Feminismo é política, sim. E eu li Simone de Beauvoir e Judith Butler. Mas eu te pergunto: tu leste que feminista negra, querida? Já ouviste falar em Beatriz Nascimento? Em Zélia Amador de Deus? Tu conheces alguma mulher quilombola na luta armada por direitos ao seu pedaço de chão? Quem tu és na fila do pão do feminismo negro pra se encher de autoridade e difamar uma feminista negra, querida? Que sabes sobre política pública que envolva mulheres negras neste racismo tão competente? Já foste na fila do SUS pra ver quantas mulheres negras estão lá sendo deixadas por últimas na fila, porque alguém inventou que são mais resistentes à dor? Então, quem és tu pra fiscalizar nossas atuações e nossas histórias? Uma de nós errou, cometeu um equívoco, pisou na bola? Isso te faz querer ser heroína e salvar todas as feministas de uma feminista negra? Apenas não, querida. Cale-se e aguarde alguém com legitimidade para fazê-lo.
Tipo torto de afeto tu dizes pras tuas iguais, porque com todas as nossas dificuldades – inclusive de se livrar de feminista branca-supervisora-fiscalizadora em nossas lutas -, o que paira sobre a gente é ubuntu mesmo, querida.

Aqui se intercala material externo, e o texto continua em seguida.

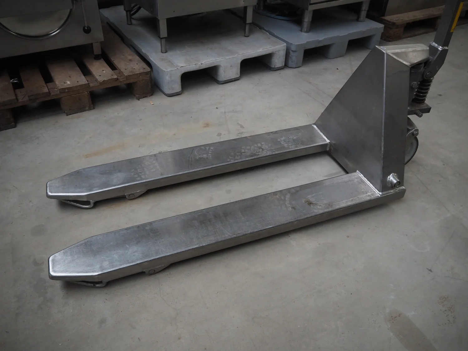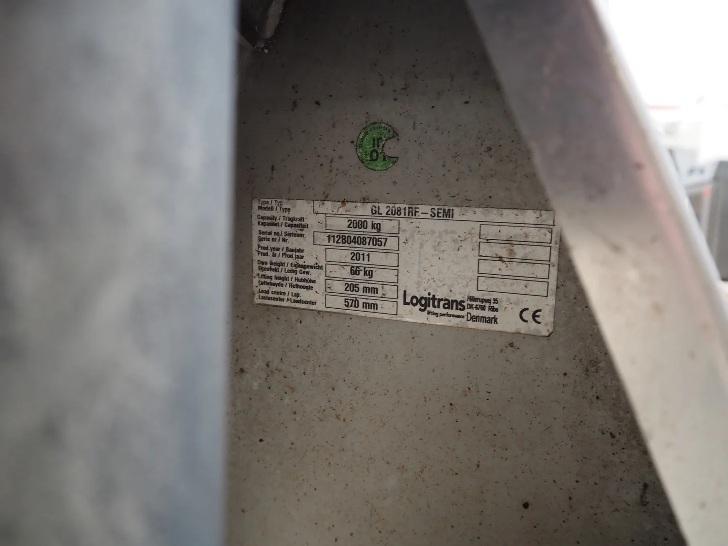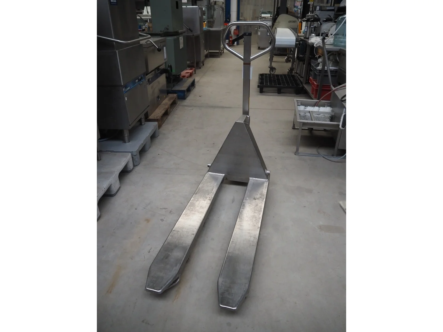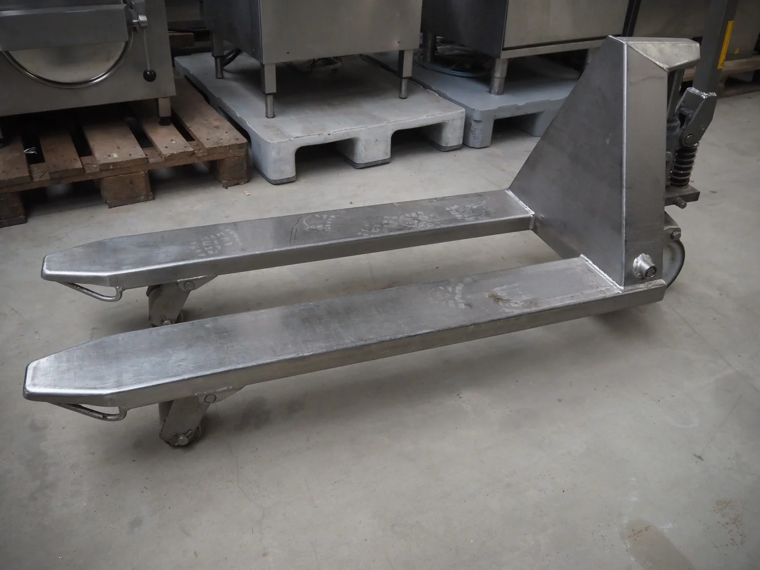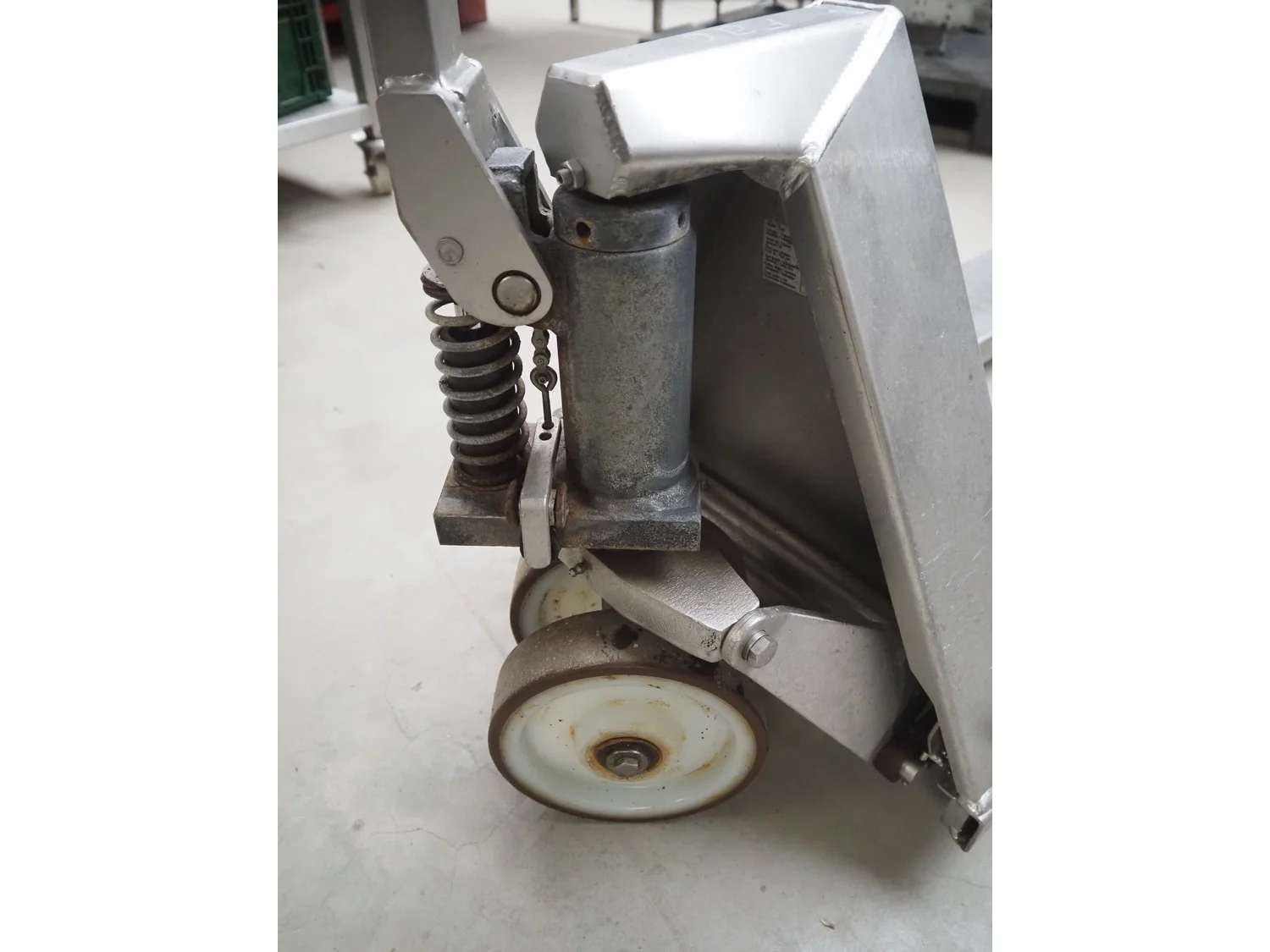 Logitrans s/s pallet lifter, type: GL 2081RF-SEMI, serial number: 112B04087057, year of construction: 2011, capacity: 2000 kg, fork length: 1140 mm, total dimensions: 1600 mm x 520 mm x 1220 mm.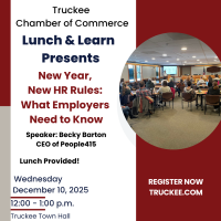 Join us for our final mixer of the year—a special joint celebration with Visit Truckee-Tahoe, the Truckee Downtown Merchants Association, Tahoe City Downtown Association, Kings Beach District and the North Tahoe Chamber! Wild Pine Kitchen, Village at Northstar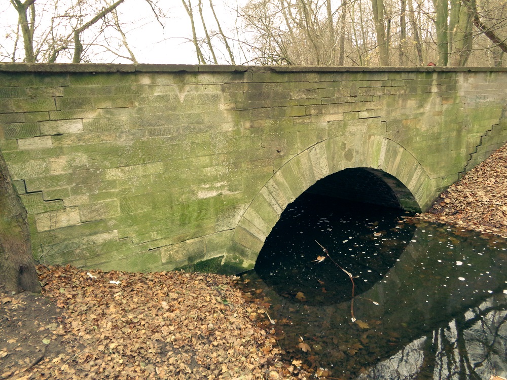 - [Zdjęcie 1] Fragment mostku, po zachodniej stronie Jeziora Rusałka, przy ujściu do jeziora potoku Bogdanka. Nad przęsłem mostku znajduje się kamień, na którym wyryto datę 1941 (początek tworzenia niecki jeziora) oraz herb Poznania stosowany przez okupanta niemieckiego podczas II wojny światowej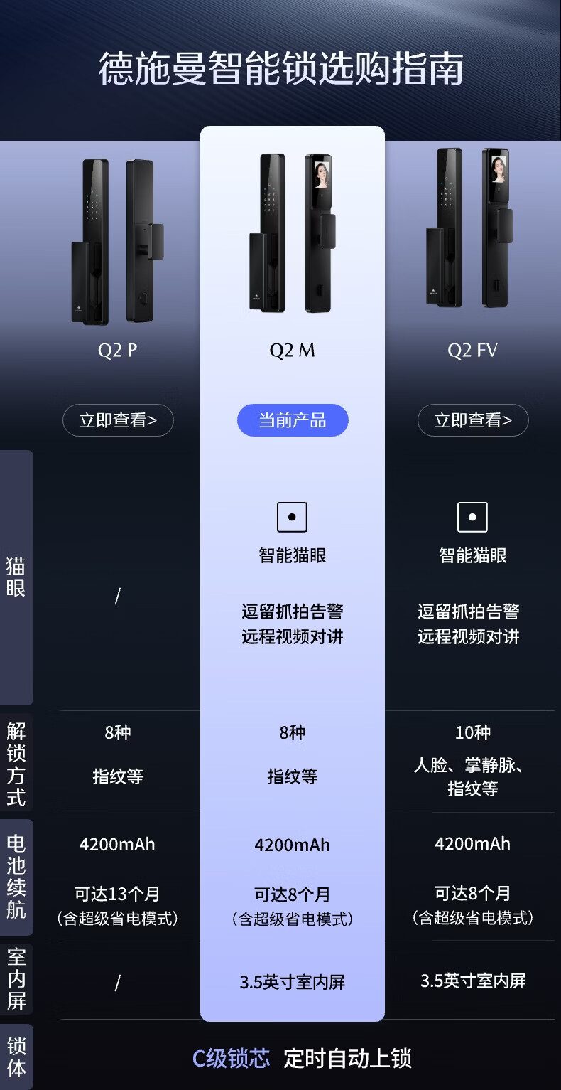 德施曼(DESMAN)智能门锁可视猫眼大屏全自动GPT指纹识别小嘀 Q2M【一价全包】
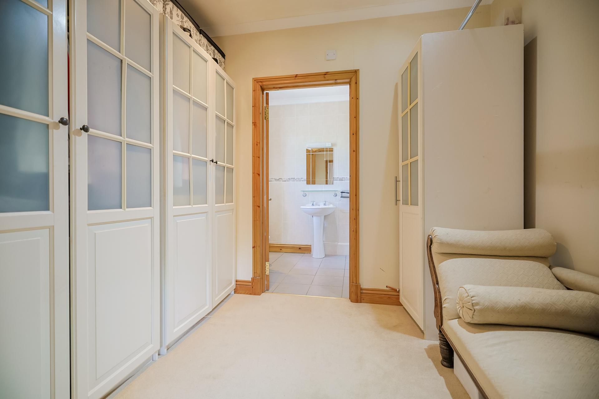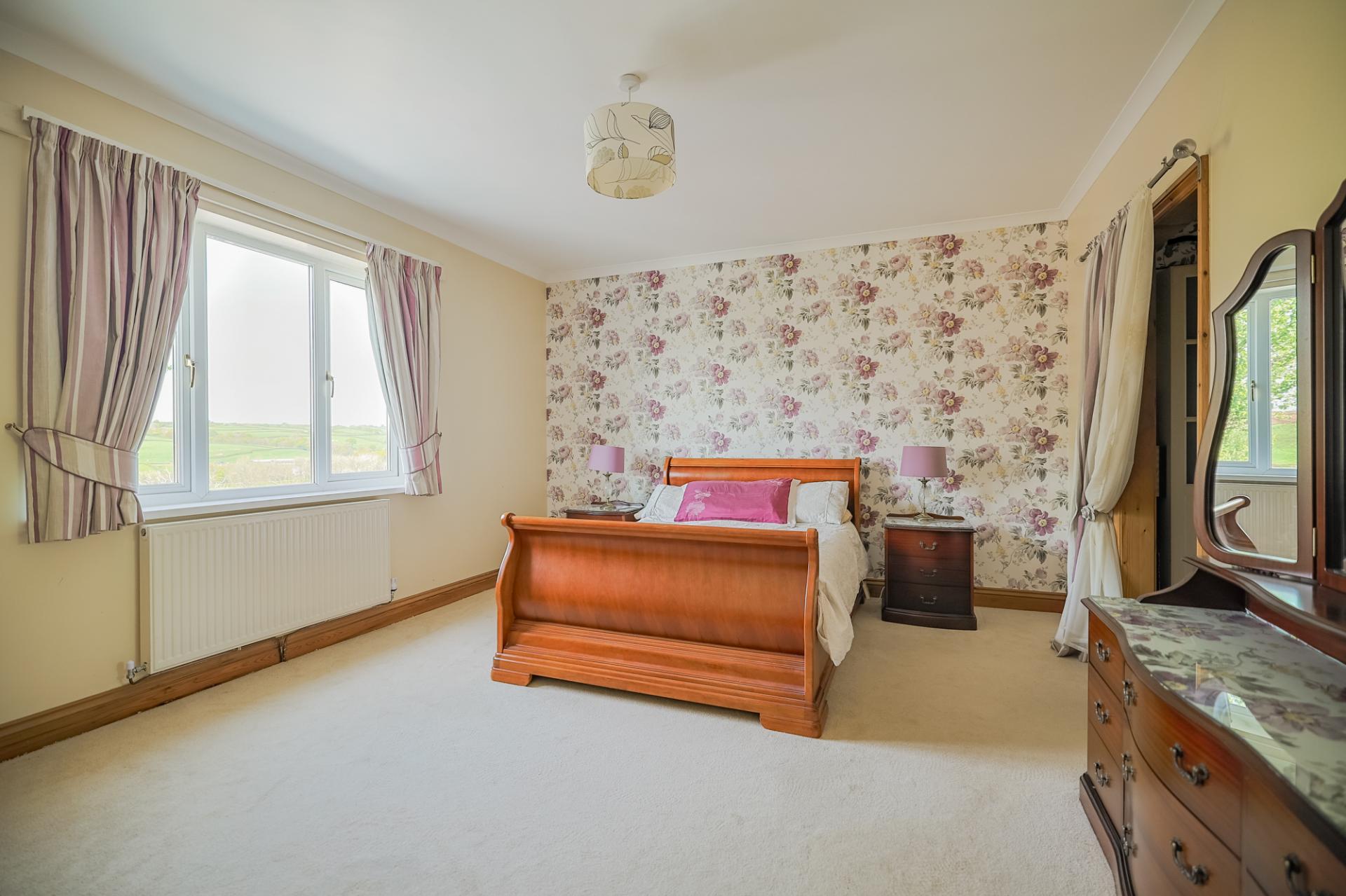 The principal suite is a bright and spacious retreat, featuring a large side window framing panoramic rural views. Carpeted throughout, this room benefits from a separate dressing area with spotlighting and ample space for storage units. The en-suite is well-appointed with a WC, wash basin, large walk-in shower, heated towel rail, extractor fan, shaving light and point, tiled flooring and walls, and a frosted rear-facing window.

Sobre onde estamos quando as cordas estão arrebentando: Quantas vezes tu saíste da tua casa pra defender e socorrer uma mulher em uma delegacia, querida feminista branca-supervisora-fiscalizadora? Quantas vezes tu abrigaste, na tua casa, mulheres ameaçadas pelos maridos, namorados, noivos? Quantas vezes a tua cabeça esteve na mira de uma bala por se meter em briga de marido e mulher? Quantas vezes denunciaste homem da tua família por violência doméstica? E quantas vezes escondeste jovem da tua família porque a polícia achou que tava roubando? Pois é, eu vivi todas estas situações dentro da minha casa. Uma casa de duas mulheres negras conhecidamente barraqueiras por se indisporem com qualquer pessoa que pise em outra.
Tu sabes quantas vezes eu consegui levantar da cama depois de ler um texto de outra mulher negra na internet? Tu sabes quantos sorrisos eu dei depois de ler um texto de outra mulher negra na internet? Ora, ora, ora querida feminista branca-supervisora-fiscalizadora, tu entendes bem de feminismo-merchan, mas para entender de equidade estás a necessitar de leitura, vivência e menos arrogância.
E tua covardia é tamanha, querida feminista branca-supervisora-fiscalizadora, que tu somes assim que tuas investidas contra a mulher negra são mal sucedidas. Porque quem te deixou a herança do racismo não previu que a gente ia lutar pra quebrar todas as formas de troncos e chibatadas.
No mais, estamos preocupadas mesmo é em dar orgulho às que nos antecederam, seja na Bahia, em São Paulo ou aqui em Belém. Apenas a elas devemos as contas do que pensamos, de como agimos e o que faremos daqui a outros tempos.
Nós não somos obrigadas a seguir cartilha de feminista branca, nunca fomos, nunca seremos.